• _YOUR OBJECTIVE_
Excluding pictures, reproduce word for word the lines from the one containing "Далее по бокам" through the end of the material below.

====== INFORMATION GIVEN ======

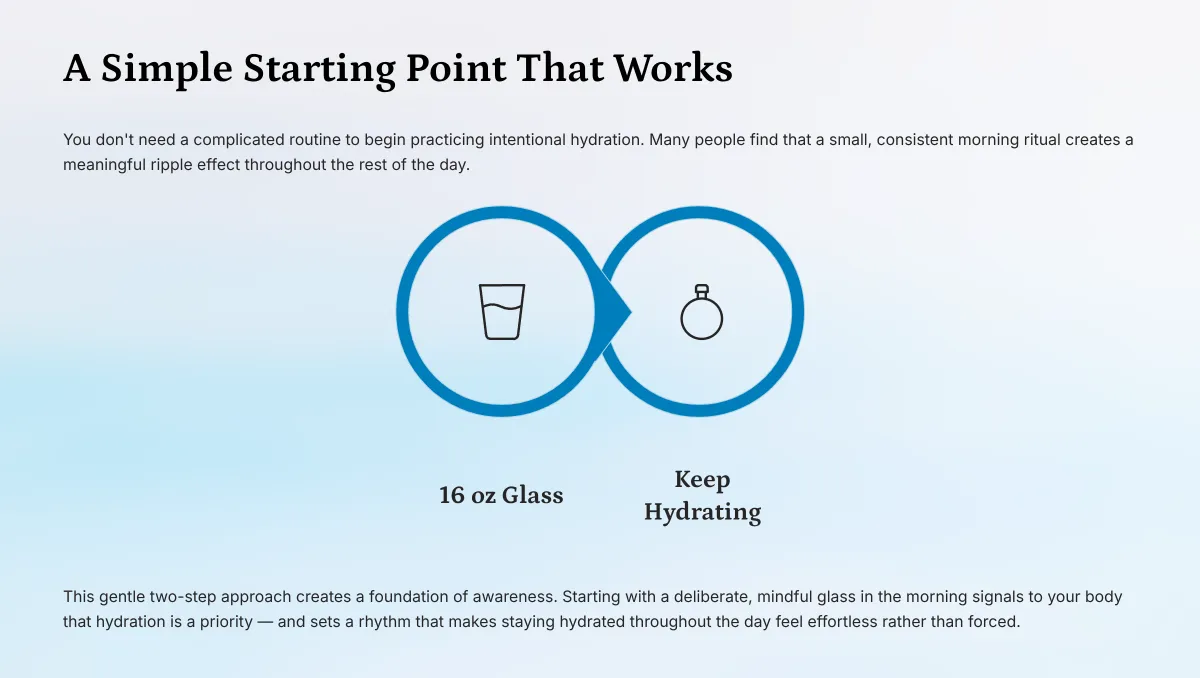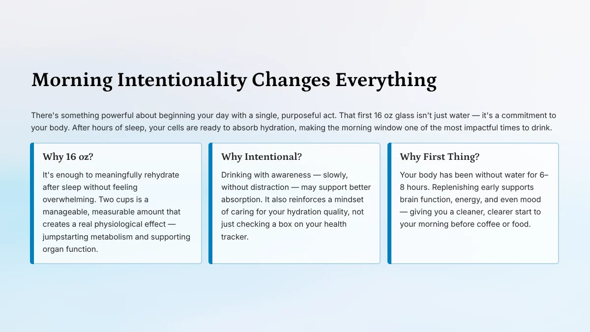 Some people like to start with one intentional 16 oz glass in the morning, then continue with regular water intake throughout the day based on their needs.
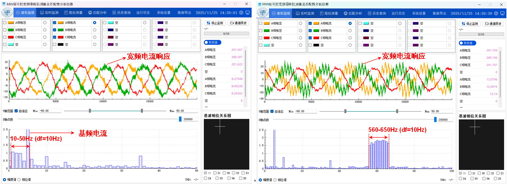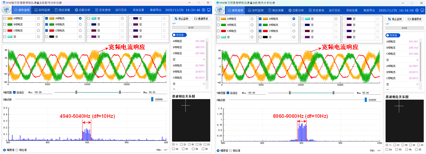该仪器攻克了高保真宽频谐波发射、并网变流器频率耦合干扰等难题,相比传统单频式阻抗测量方法测量速度大幅提高。本次测量仅用时5分钟就得到了光伏发电系统10Hz至10kHz的阻抗特性,验证了该测量技术的先进性。
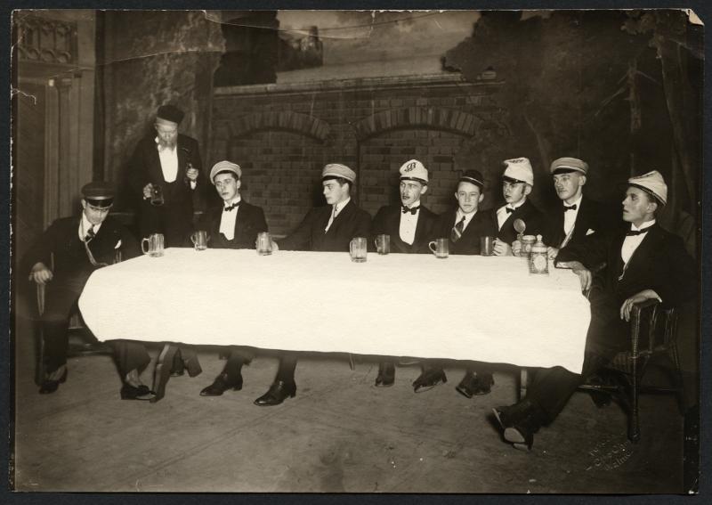 Malmö teater, amatörföreställning den 12-13 december 1925. Gamla Heidelberg av Meyer-Förster. Medverkande i "Gamle Hiedelberg" iförda scenkläder. Vykort.
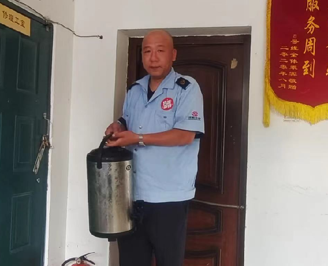 215路駕駛員尚麒麟看到同事們個個大汗淋漓、暑熱難耐,便從家里帶來了冷飲壺,在每天下班時將各種消暑飲品放在冰柜里冷凍,第二天早早來到車隊,把準(zhǔn)備好的冷飲放進冷飲壺,供車隊的兄弟姐妹們消暑飲用。
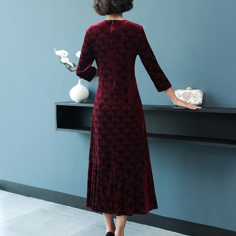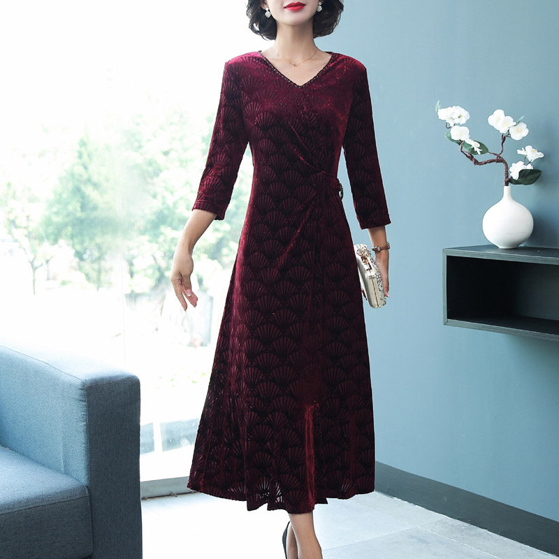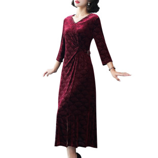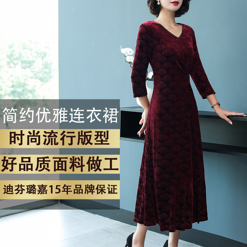 气质金丝绒年轻妈妈连衣裙女2021秋季 喜婆婆婚宴礼服高贵显瘦 新款
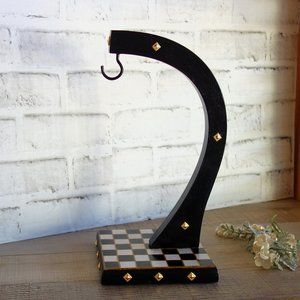 Wooden vintage banana tree, banana hanger, banana holder, banana hook, banana keeper is hand painted with black and white checked pattern, solid wood composition and vintage gold trim. Checkerboard design base with goldtone accents, black arm and matching goldtone accents. A stunning checkered collectible to add to your courtly checked decor kitchen and dining area. Padded protectors underneath to protect tabletops and countertops. 11-1/2" tall, 5-1/2" wide; weight 14 oz. Insured shipping.
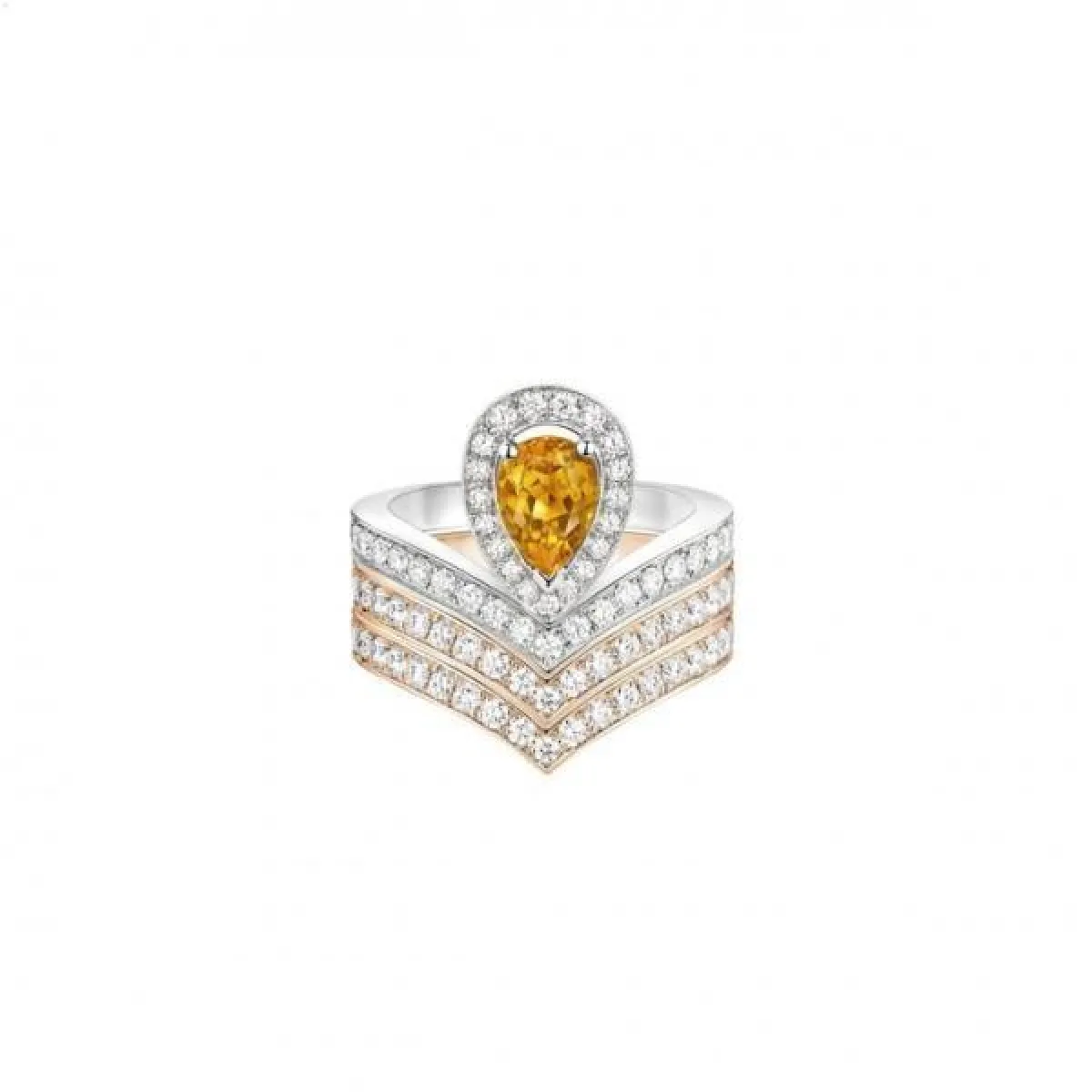 قدمت ماركة دي بيرز De Beers بعض الخواتم بالذهب الأصفر والمرصعة بالألماس الأبيض والأصفر.
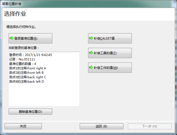 选择登录的基准位置数据后按[删除],选择的基准位置数据被删除。
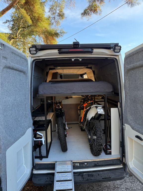 Der Camper wurde vom Architekten geplant und vom Schreiner ausgebaut und eignet sich ideal für Motorsport, Mtb, Reisen oder längere Aufenthalte.
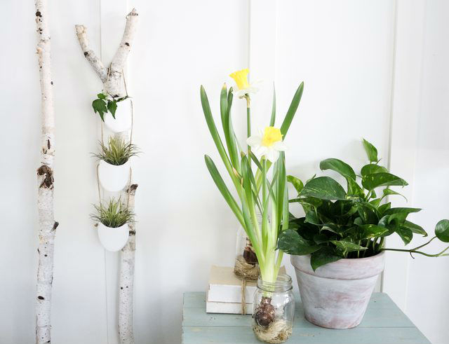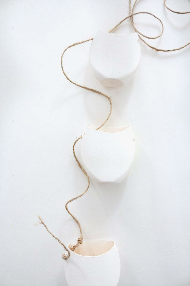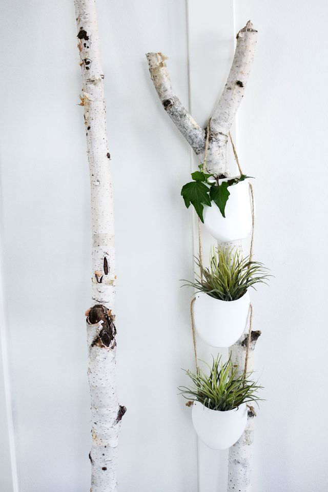 Далее по бокам кашпо создаем отверстия. Продеваем в первое боковое отверстие первого горшка шпагат, завязываем несколько плотных узлов, чтобы шпагат держался в отверстии, далее кончик шпагата продеваем в отверстие верхнего горшка – завязываем узел, затем в отверстие следующего горшка – завязываем узелок. Затем перекидываем нить на другую сторону и продеваем шпагат в противоположные отверстия, опять же не забываем завязывать узелки, чтобы горшки не скользили вниз по шнуру. Осталось высадить растения, и подвесить кашпо в нужном месте. Отличный дизайнерский ход – подвешивание на сухих спилах стволов березы!
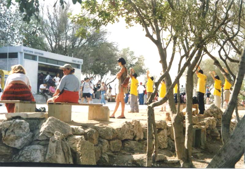 著名的雅典卫城(Acropolis)的售票处是对旅游者展示法轮大法的极好场所。这也许在欧洲是游客最多的旅游点之一。每天都有成千上万的旅游者光临。
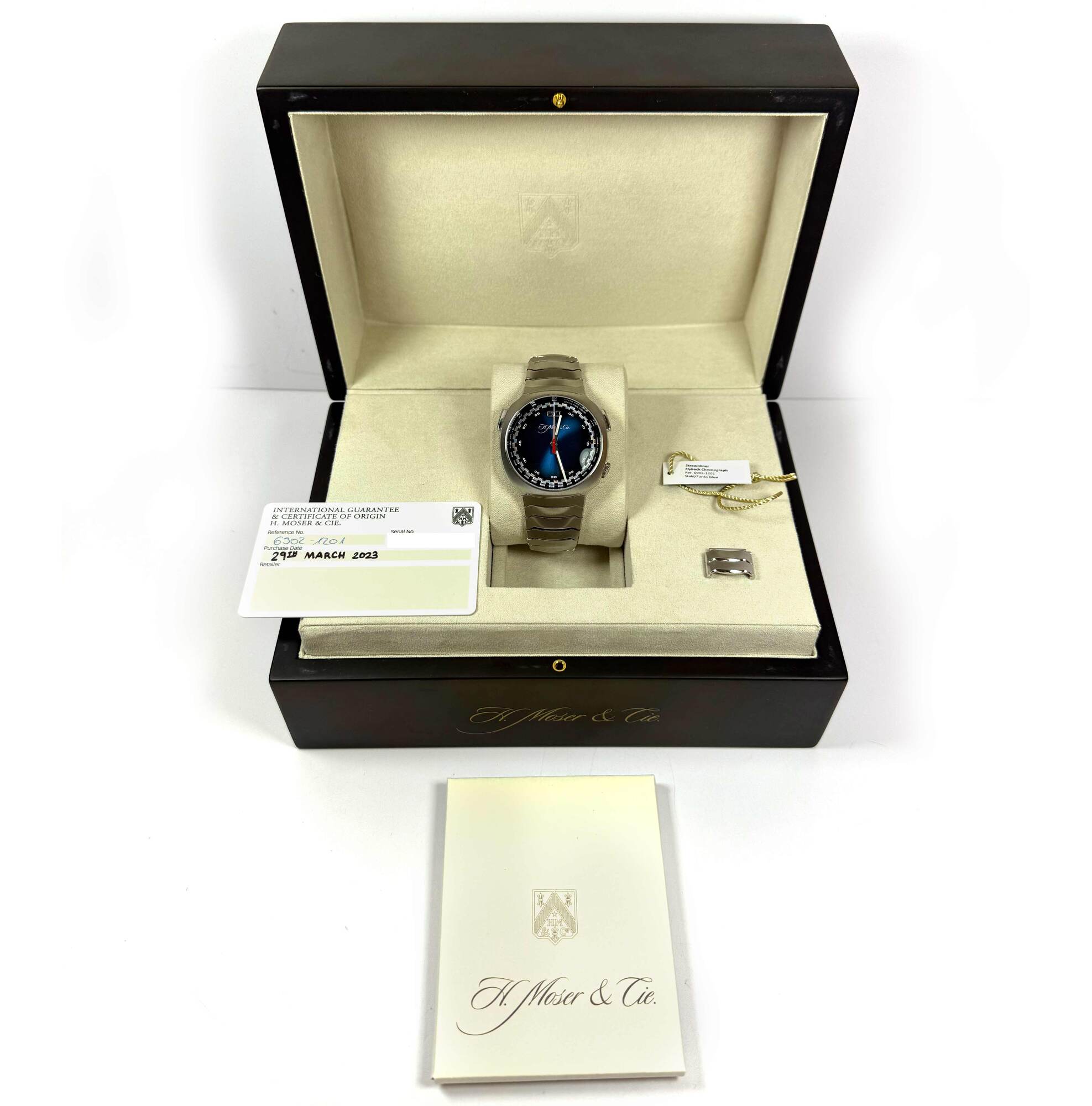 Read Morethis h. Moser & cie. Watch is in excellent condition and comes with its box, hang tag, spare links, and warranty card dated march 29th, 2023. This watch features a 42mm stainless steel case that surrounds a blue dial and comes on a steel bracelet as shown in the pictures attached. The functions include hours, minutes and flyback chronograph. This watch is in stock and available to ship immediately!
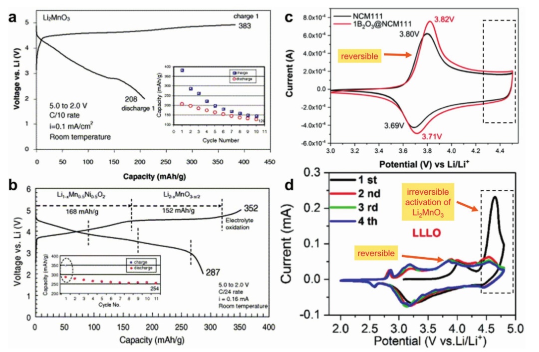 圖5.a)Li/Li2MnO3電池的電化學充放電曲線;b) Li/0.3Li2MnO3∙0.7LiMn0.5Ni0.5O2電池的初始充放電特性;c)三元NCM111和1B2O3@ NCM111陰極的初始循環伏安曲線;d) 富鋰正極材料的CV圖。
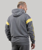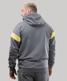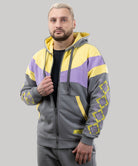 The uninsulated hoodie combines three colors and features large embroidery on the sleeves and a kangaroo pocket. The zipper is matched to the color of the main fabric, and the zipper manufacturer is the Japanese company YKK.
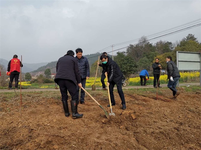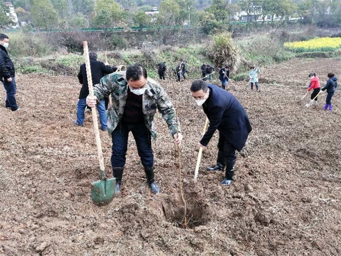 全體機關干部及部分群眾共百余人前往鮑沖湖村桃園基地開展義務植樹活動。該基地占地100畝,擬栽種4000株白桃、紅桃等果木打造百畝桃園,此舉不僅壯大集體經濟收入、帶動貧困戶就業,還為鄉村旅游增添一個新的景點。
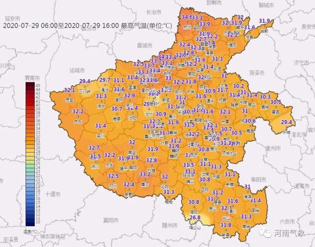 中午时分 炎热感上线,今日气温:30℃+,豫北略高32-34℃,其他30-32℃
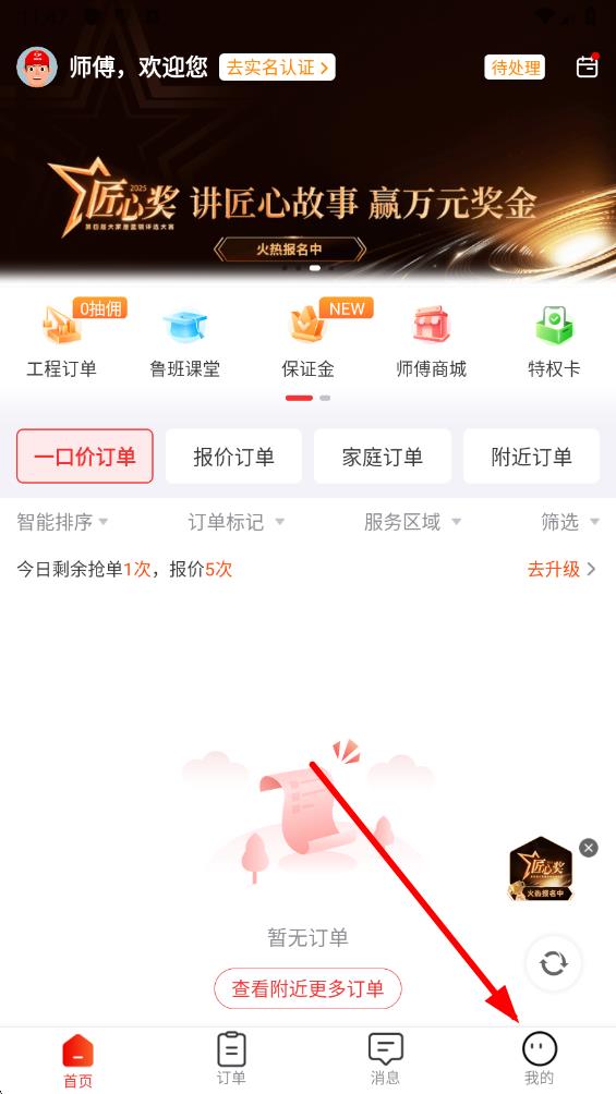1、打开鲁班到家app,点击底部导航栏中的我的图标进入个人界面。
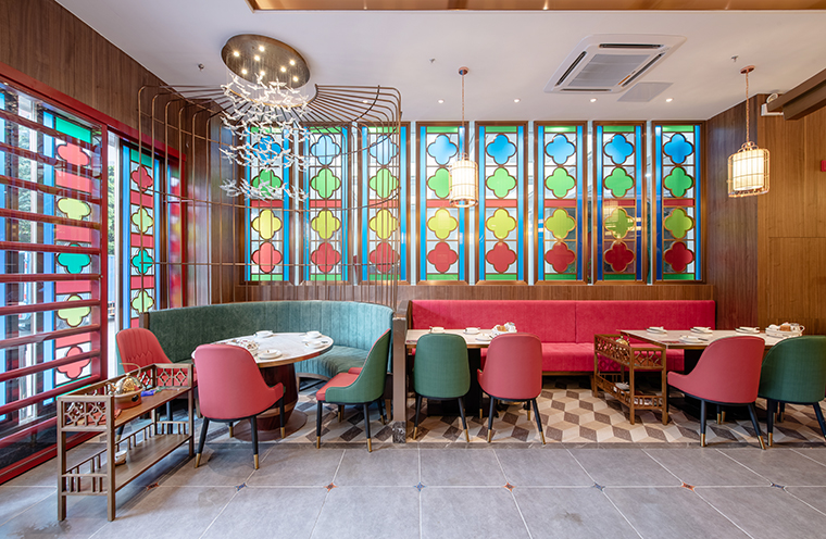 品深餐飲全案設計的悅得閑廣式點心茶樓,家具的軟包顏色使用紅配綠,奢華典雅有活力;大紅配大綠,富貴吉祥更添財氣。家具靠背的圖案則是與品牌文化高度相融的嶺南園林傳統圖形。
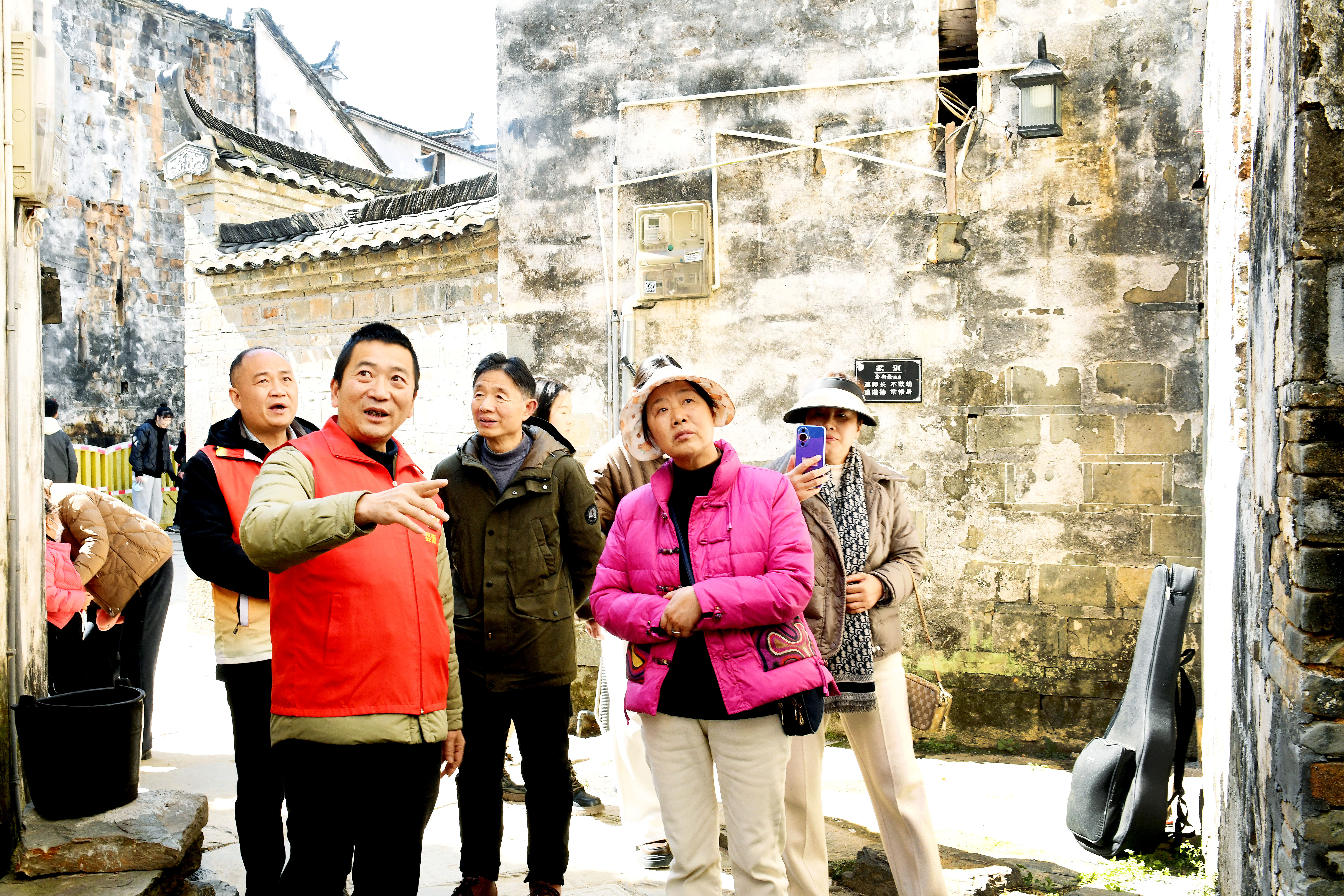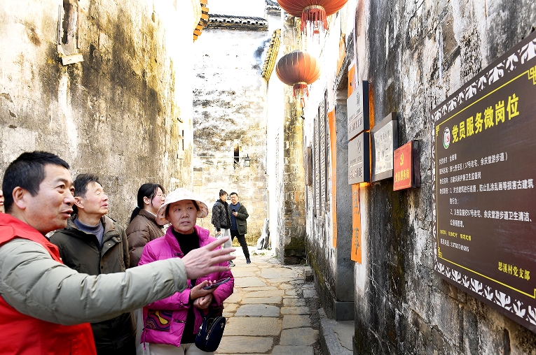 春天里的婺源縣思口鎮(zhèn)風(fēng)景如畫,慕名前來(lái)的客人絡(luò)繹不絕,村鎮(zhèn)兩級(jí)工作人員在搞好環(huán)境衛(wèi)生、糾紛監(jiān)督等服務(wù)的同時(shí),推出了黨員干部義務(wù)做道路向?qū)Ш途皡^(qū)導(dǎo)游的“兩導(dǎo)”服務(wù),有效提升了景區(qū)旅游品位。圖為,2月17日,該鎮(zhèn)黨員干部正在給旅客做義務(wù)導(dǎo)游,講解當(dāng)?shù)氐娘L(fēng)土人情。

======

• _TASK RESPONSE_
 Далее по бокам кашпо создаем отверстия. Продеваем в первое боковое отверстие первого горшка шпагат, завязываем несколько плотных узлов, чтобы шпагат держался в отверстии, далее кончик шпагата продеваем в отверстие верхнего горшка – завязываем узел, затем в отверстие следующего горшка – завязываем узелок. Затем перекидываем нить на другую сторону и продеваем шпагат в противоположные отверстия, опять же не забываем завязывать узелки, чтобы горшки не скользили вниз по шнуру. Осталось высадить растения, и подвесить кашпо в нужном месте. Отличный дизайнерский ход – подвешивание на сухих спилах стволов березы!
 著名的雅典卫城(Acropolis)的售票处是对旅游者展示法轮大法的极好场所。这也许在欧洲是游客最多的旅游点之一。每天都有成千上万的旅游者光临。
 Read Morethis h. Moser & cie. Watch is in excellent condition and comes with its box, hang tag, spare links, and warranty card dated march 29th, 2023. This watch features a 42mm stainless steel case that surrounds a blue dial and comes on a steel bracelet as shown in the pictures attached. The functions include hours, minutes and flyback chronograph. This watch is in stock and available to ship immediately!
 圖5.a)Li/Li2MnO3電池的電化學充放電曲線;b) Li/0.3Li2MnO3∙0.7LiMn0.5Ni0.5O2電池的初始充放電特性;c)三元NCM111和1B2O3@ NCM111陰極的初始循環伏安曲線;d) 富鋰正極材料的CV圖。
 The uninsulated hoodie combines three colors and features large embroidery on the sleeves and a kangaroo pocket. The zipper is matched to the color of the main fabric, and the zipper manufacturer is the Japanese company YKK.
 全體機關干部及部分群眾共百余人前往鮑沖湖村桃園基地開展義務植樹活動。該基地占地100畝,擬栽種4000株白桃、紅桃等果木打造百畝桃園,此舉不僅壯大集體經濟收入、帶動貧困戶就業,還為鄉村旅游增添一個新的景點。
 中午时分 炎热感上线,今日气温:30℃+,豫北略高32-34℃,其他30-32℃
1、打开鲁班到家app,点击底部导航栏中的我的图标进入个人界面。
 品深餐飲全案設計的悅得閑廣式點心茶樓,家具的軟包顏色使用紅配綠,奢華典雅有活力;大紅配大綠,富貴吉祥更添財氣。家具靠背的圖案則是與品牌文化高度相融的嶺南園林傳統圖形。
 春天里的婺源縣思口鎮(zhèn)風(fēng)景如畫,慕名前來(lái)的客人絡(luò)繹不絕,村鎮(zhèn)兩級(jí)工作人員在搞好環(huán)境衛(wèi)生、糾紛監(jiān)督等服務(wù)的同時(shí),推出了黨員干部義務(wù)做道路向?qū)Ш途皡^(qū)導(dǎo)游的“兩導(dǎo)”服務(wù),有效提升了景區(qū)旅游品位。圖為,2月17日,該鎮(zhèn)黨員干部正在給旅客做義務(wù)導(dǎo)游,講解當(dāng)?shù)氐娘L(fēng)土人情。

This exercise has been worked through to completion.